Taylor Swift is facing a trademark infringement lawsuit filed by a Las Vegas entertainer who says the branding around Swift’s latest album is threatening to erase a brand she spent over a decade building. It’s a case that sounds like a long shot on the surface, but the legal foundation underneath it is more solid than you might expect.
The complaint, filed Monday in the U.S. District Court for the Central District of California, was brought by Maren Wade, a Las Vegas performer whose “Confessions of a Showgirl” brand originated as a column for Las Vegas Weekly in 2014 before evolving into a touring stage show. Wade has held a federal trademark on CONFESSIONS OF A SHOWGIRL since 2015. The complaint names four defendants: Swift, her rights management company TAS Rights Management, UMG Recordings, and UMG’s merch company Bravado.
Wade’s show is described in the complaint as featuring “candid and often humorous accounts of the challenges and absurdities of a career in the entertainment industry, from getting stuck inside a giant birthday cake to impersonating a Madonna impersonator.” It’s a niche, long-running act built around a specific identity, and that identity is now being tested against one of the biggest album rollouts in music history.
What the USPTO Already Said
The detail that gives Wade’s case real weight isn’t just the trademark. It’s that the U.S. Patent and Trademark Office already flagged this conflict before the lawsuit was ever filed. When Swift applied to register THE LIFE OF A SHOWGIRL as a trademark, the USPTO issued an initial refusal, citing potential confusion with Wade’s pre-existing mark. The application was also suspended separately over a conflict with an unrelated filing.
That’s significant. The USPTO’s refusal isn’t a court ruling, but it does signal that a federal agency already looked at both marks and found them close enough to raise concerns. Wade’s legal team is building on exactly that foundation.
Swift’s album, her twelfth studio release, dropped in October and immediately shattered records, selling 4 million equivalent album units in its first week in the U.S. and 5.5 million globally. That scale is central to Wade’s argument. She alleges that Swift’s continued use of the name “drowns out” her trademark “until consumers begin to assume that the original is the imitation.” The complaint puts it plainly: “What Plaintiff had built over twelve years, Defendants threatened to swallow in weeks.”
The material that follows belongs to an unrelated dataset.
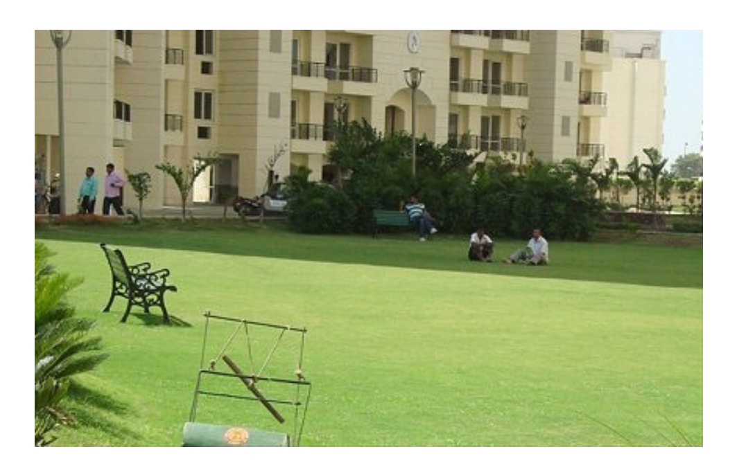
"Our Nature is Our Future"!!

The Irony Nobody Can Ignore
TMZ reports that Wade’s own social media account “seems to be very pro-Taylor,” featuring posts using Swift’s songs and hashtags. It’s the kind of detail that doesn’t help her optics, but it doesn’t necessarily undermine the legal argument either. You can be a fan of someone and still have a legitimate trademark claim against them. The law doesn’t require personal animosity. It requires that a mark exists, that it was registered, and that it’s being diluted or confused by another party’s use of a similar name.